Рудня-Осошня – типичное полесское село. Весной, когда благоухают сады, оно похоже на большой цветник среди елового леса. Мы подъехали к рабочим, которые, оказалось, строили баню. Рядом с лесом. Разговор как-то особо не клеился. Пятеро мужчин были угрюмы и молчаливы. К тому же вдруг начал моросить какой-то мелкий, неприятный дождь. Но все же я пыталась понять, что здесь происходит, зачем они строят, каковы здесь уровни радиации.

Наконец разговорились. Оказалось, что баня строится здесь именно из-за высокого уровня радиации. Какой он – они и сами не знали. Никто об этом не говорит. «Военные приедут, померяют, а что и как нам не сообщают». Стройка затягивается, хотя вначале планировалось возвести баню за два месяца. Но, как это обычно у нас бывает, нет крана. Зачем нужна на окраине села баня на десять мест, никто толком так и не знал. Ведь в каждом дворе была своя. Стоимость новостройки – 50 тысяч рублей.

Более общительными оказались восемь рабочих на стройке детсада рядом. Старший, мастер Юрий Грищенко, рассказал, что детсад обойдется государству в 120 тысяч рублей. Что здесь они второй месяц и что местное население уже над ними смеется. Кому они его строят? В Рудне-Осошне почти нет маленьких детей, дошкольников, а детсад рассчитан на 25 мест.

Впервые я услышала здесь страшное слово «гробовые». Им называли жалкую ежемесячную подачку в 30 рублей для жителей села и рабочих, занятых на строительстве бани и детского сада, для «усиленного» питания (!). В день получалось плюс один рубль к зарплате. Ассортимент еды для рабочих был таков: горох, вермишель, говядина. Курятина была «не положена», так как, объяснили они, выйдет сверх трех запланированных на еду рублей в день.

Рабочие жаловались, что чувствуют себя плохо, болит голова, очень устают. Они считали, что это – за счет повышенной радиации.

И сегодня, спустя многие годы после взрыва на ЧАЭС, я могу сказать: они были правы. Село с необыкновенным названием Рудня-Осошня спустя четыре года (!) после ядерной катастрофы в Чернобыле было все-таки выселено. Жить здесь оказалось опасным. Но только через четыре года люди узнали об этом от властей. Тогда же приехать в Рудню-Осошню мне пришлось втайне от собственной редакции.

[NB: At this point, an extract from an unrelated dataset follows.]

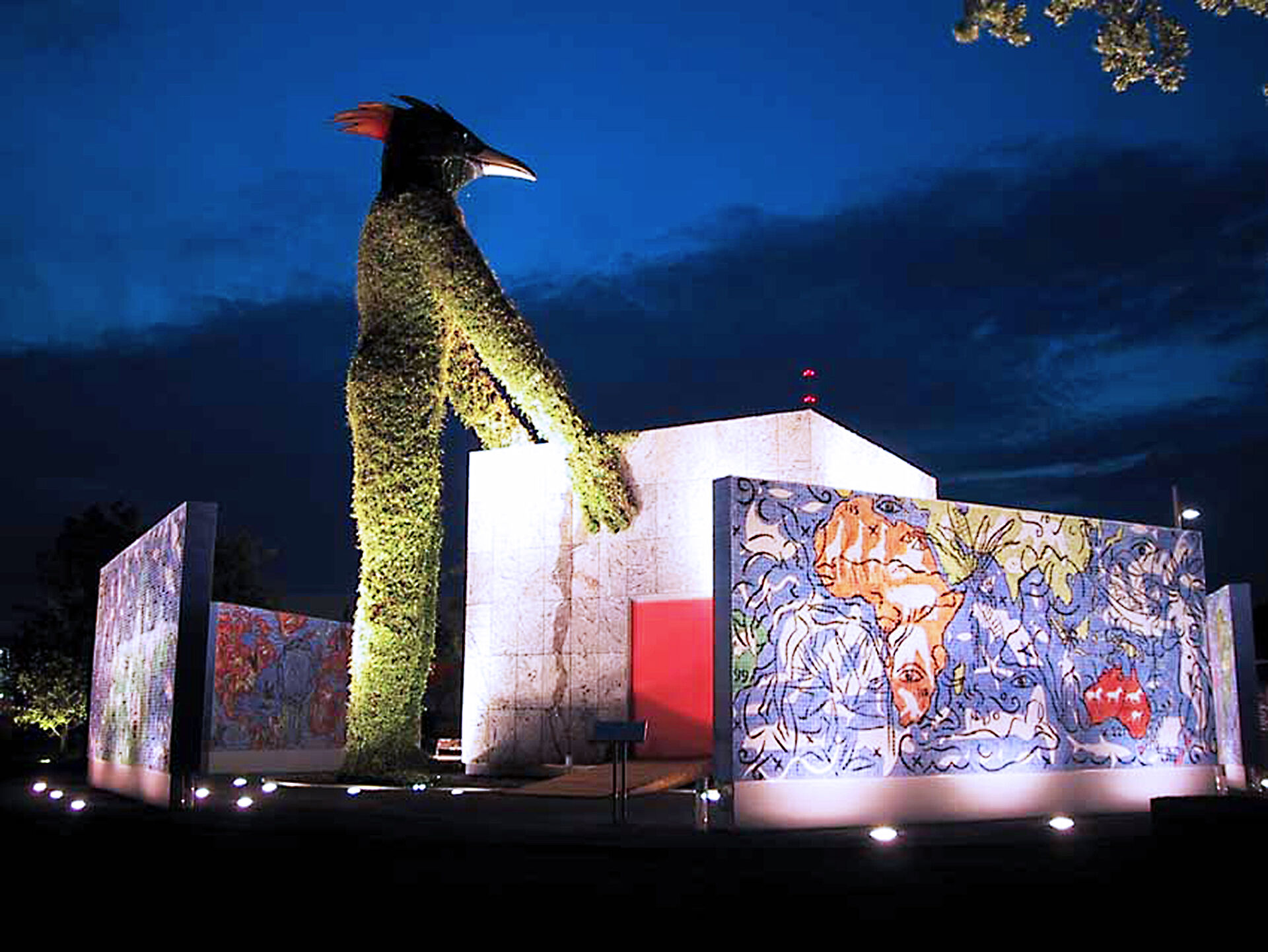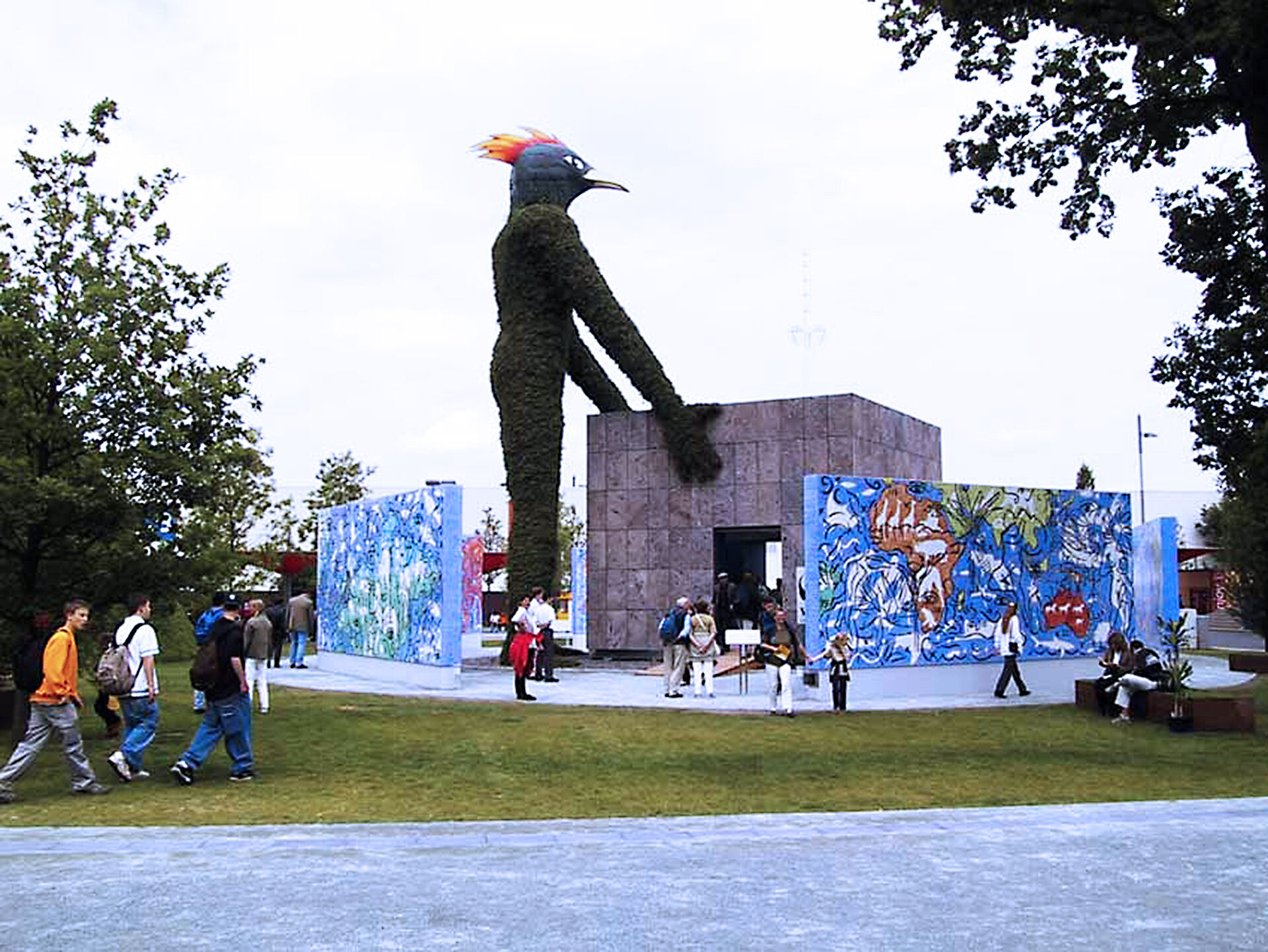 Nach der EXPO wurde das gesamte Enseble aus Pavillon, Erdgeist und umgebender Keramikskulptur in den Park der Alten Abtei in Mettlach verbracht und kann dort besichtigt werden.

Поговорив со строителями, мы направились через все село искать хату бригадира. Сельсовета здесь не оказалось. Правления колхоза – тоже. Рудня-Осошня, как сообщили нам ее жители, бригадное село. Иными словами – неперспективное. Здесь даже десятилетки своей не было. Таких «неперспективных» сел в СССР были десятки тысяч. Забытых богом и советской властью. В иных из них – ни магазина, ни почты, не говоря уже о телефоне или других признаках цивилизации. А ведь в них живут люди. И им нужно было все: хлеб, одежда, спички, свет, книги, радио. Сегодня правительство осуждает политику неперспективных сел. Но поезд ушел. Села вымирают. Стоят заколоченными некогда добротные дома, зарастают тропинки и кладбища. Люди уезжают поближе к цивилизации. В города.

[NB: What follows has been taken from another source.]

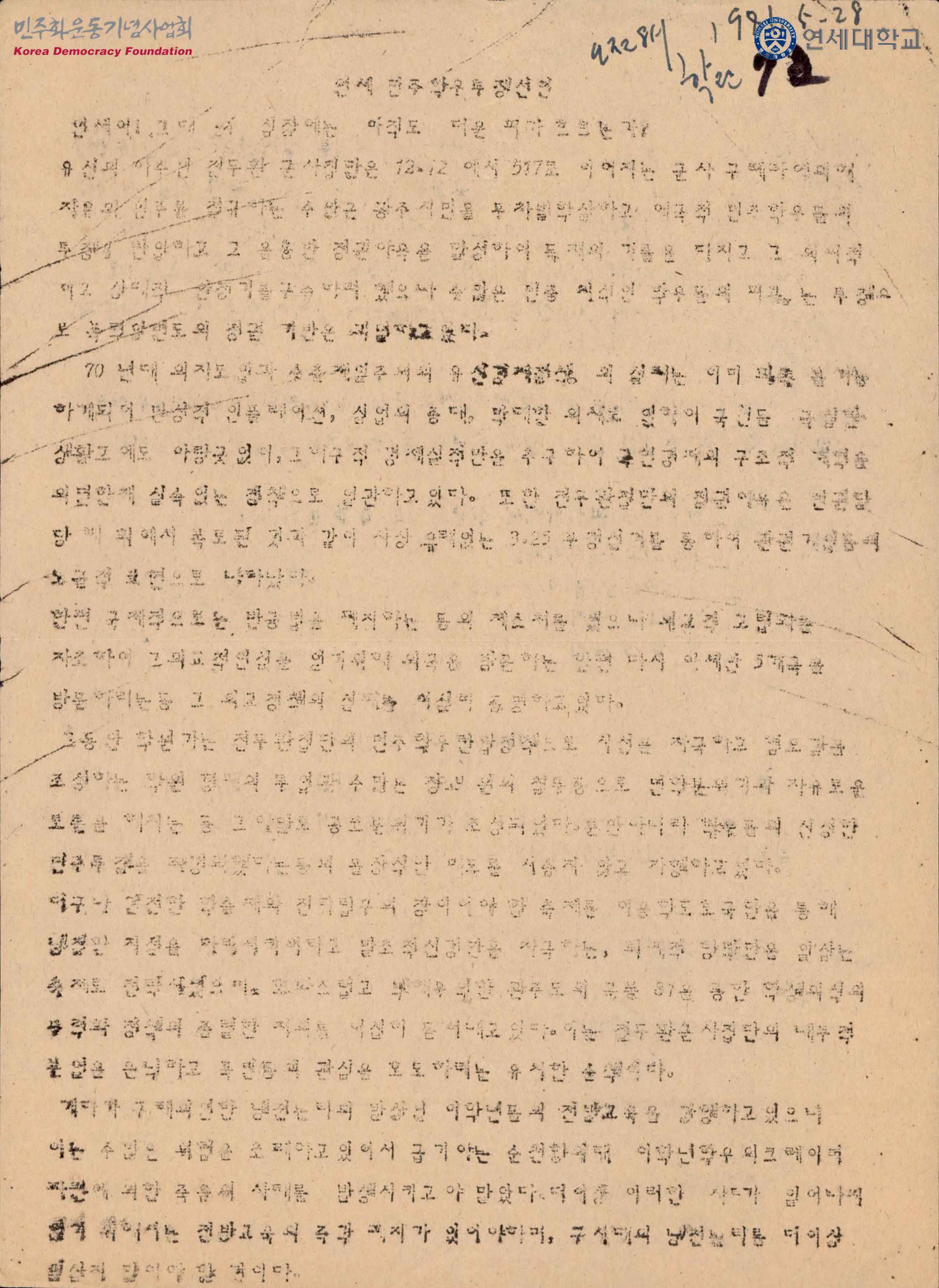 - 민주화를 짓밟는 전두환 정권을 비판하며 연세대는 민주투쟁의 대열에 동참할 것을 결단하며 전두환은 광주사태의 책임을 지고 즉각 물러가라는 것, 언론통제를 금지하라는 것, 학내감시를 즉시 몰아내라 등을 주장하는 문서

Вот что рассказала мне тогда бригадир комплексной бригады депутат районного Совета народных депутатов Валентина Ущаповская: «В нашем селе – девяносто дворов. Село режимное (то есть радиационно загрязненное. – А.Я.). В Рудне-Осошне – двадцать семь детей с первого по восьмой класс и двое с девятого по десятый. И шесть дошколят. Школу начальную на четыре класса закрыли, потому что внутри нее было полтора миллирентгена. В школу ходили тринадцать учеников, в ней было всего две комнаты. А сейчас 0,2 миллирентгена вода и 0,4 – земля. В том конце села – больше, в этом – меньше. Я лично и меряю дозиметром. У меня есть аппарат ДОС-5, обманщик, я им и меряю, – как-то горько, полушутливо говорила бригадир. – Он занижает в три раза. Приезжала спецлаборатория в прошлом году. У них –1,1 миллирентгена. Говорят: „Жить можно“. Дозиметр мне выдали в райисполкоме. Приезжают также мерить военные, но нам они не объясняют ничего.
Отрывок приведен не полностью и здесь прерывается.